Couturiers showing no signs of fatigue in menswear finale
Valentino's military theme and Haider Ackerman's opulence hit the Paris catwalks
The fashion circus has shifted once again, from Milan to Paris and the final round of the spring/summer 2014 menswear shows. It feels appropriate for the house of Valentino to open proceedings, not because they bridge the two nations – although as Italians who show in Paris they're a neat fusion – but because they epitomise a certain shift in aesthetic. There's a touch of couture to what they do, for men as well as women.
For next season, the Valentino designers Maria Grazia Chiuri and Pierpaolo Piccioli referenced "the subversive rigour of the uniform". That meant fatigue styles of navy denim, khaki and olive-drab cottons, and camouflage paradoxically designed to get you noticed. It wasn't especially subversive, but it was desirable, if a touch derivative at times. That was, oddly, part of its charm: the way Chiuri and Piccioli managed to synthesise elements that cropped up in other collections – like the flat-folded envelope bags banded in fluoro, contrast banded strips on suiting and Milan's prevalent palette of indigo – and twist them into something that looked fresh. Something old, something new, something borrowed and something blue, like the matching his 'n' hers navy tuxes the duo took their bows in.

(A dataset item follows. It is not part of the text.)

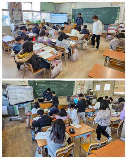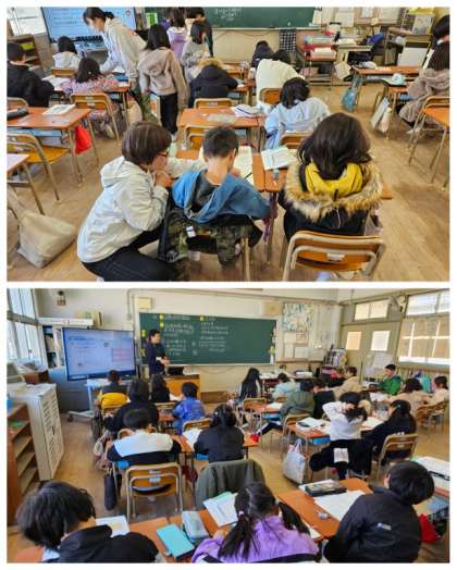 3年生算数の授業では、「5人がけの長いすが30こあります。全部で何人すわれますか」の問いに対して、各自が計算のしかたを考えその理由を説明しました。違った考え方があることにも理解を示していきました。
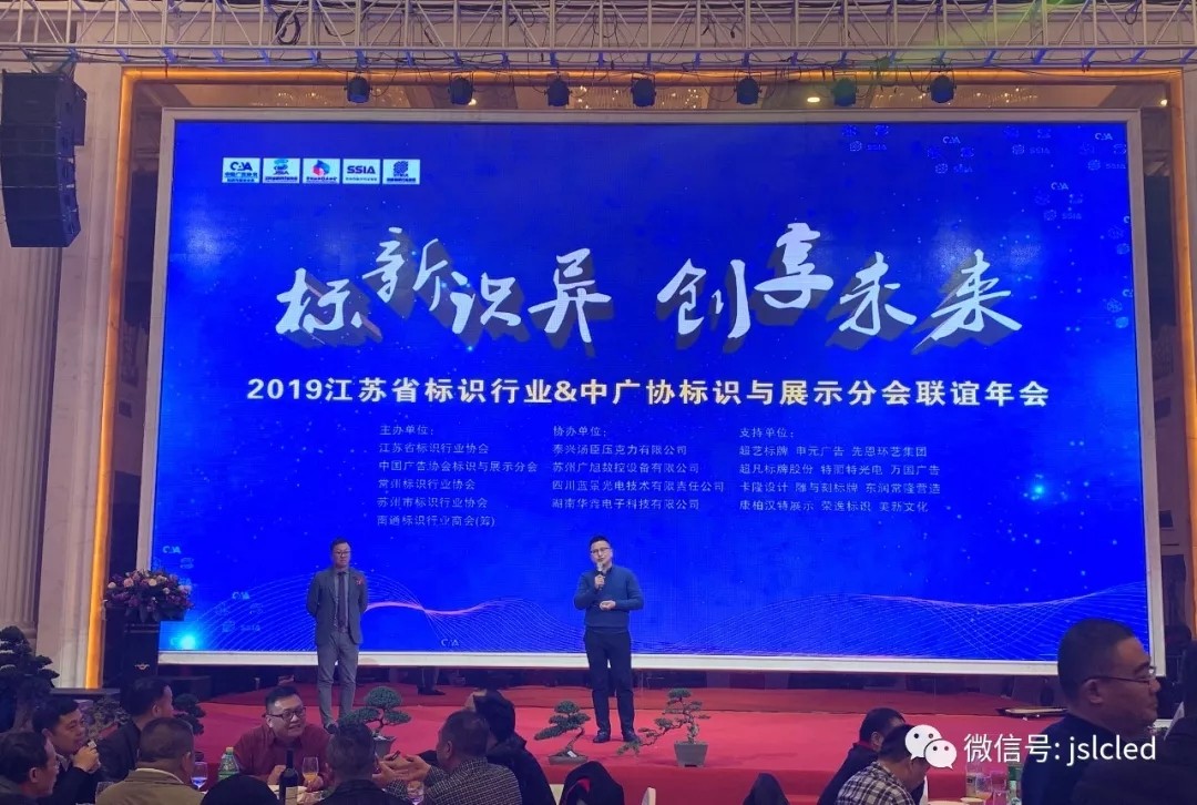 2019年11月28日,感恩节的当天,在南通普天同庆大酒店隆重举办了江苏标识行业&中广标识与展示分会联谊年会。由江苏省标识行业协会、中国广告协会标识与广告分会、苏州市标识行业协会、常州标识行业协会、南通市标识行业协会(筹)联合主办,是整个江苏省标识人的盛会。

His 'n' hers is an idea Haider Ackermann always takes to heart – when he showed his first looks for men as a one-off in Florence in 2011, they trod out in peacock-feather embroidered slippers draped in brocaded kimonos.
In his first menswear presentation on the Paris schedule, Ackermann stuck close to his well-established modus operandi, satin obi-folded around the hip, dandyish fringed scarves and silk jacquards in Renaissance tones. Those colours – amethyst, chartreuse and a cloudy tourmaline – were the standouts, especially in a menswear season where boys wear little other than blue, although Ackermann nailed that with a succulent sapphire kimono-coat. The criticism? Squint your eyes and any of Ackermann's models could have been Tilda Swinton, an ardent Ackermann fan. Blurring genders is fine, but you hoped, from a talent like his, for a menswear aesthetic more clearly defined.
There are few menswear aesthetics as clearly defined as Raf Simons', who now shows his menswear on the first day of Paris to create the greatest distance between this presentation and his haute couture for Christian Dior, to be unveiled on Monday.
Simons' collection was relentlessly young, torsos elongated above spindly legs in the briefest of shorts, oversized multicoloured trainers an echo of the pumping dance anthems roaring out. The graphic designer Peter Saville, a Simons collaborator in the front row, would recognise the excitement of the Nineties' Hacienda days leaping from oversized shirts emblazoned with almost-nonsensical statements.
That all sounds brave and different from the rest of the season's menswear. It is. There was a striking sense of the exciting and new here, something exhilarating that will push fashion forward. Nothing old, or borrowed, or blue.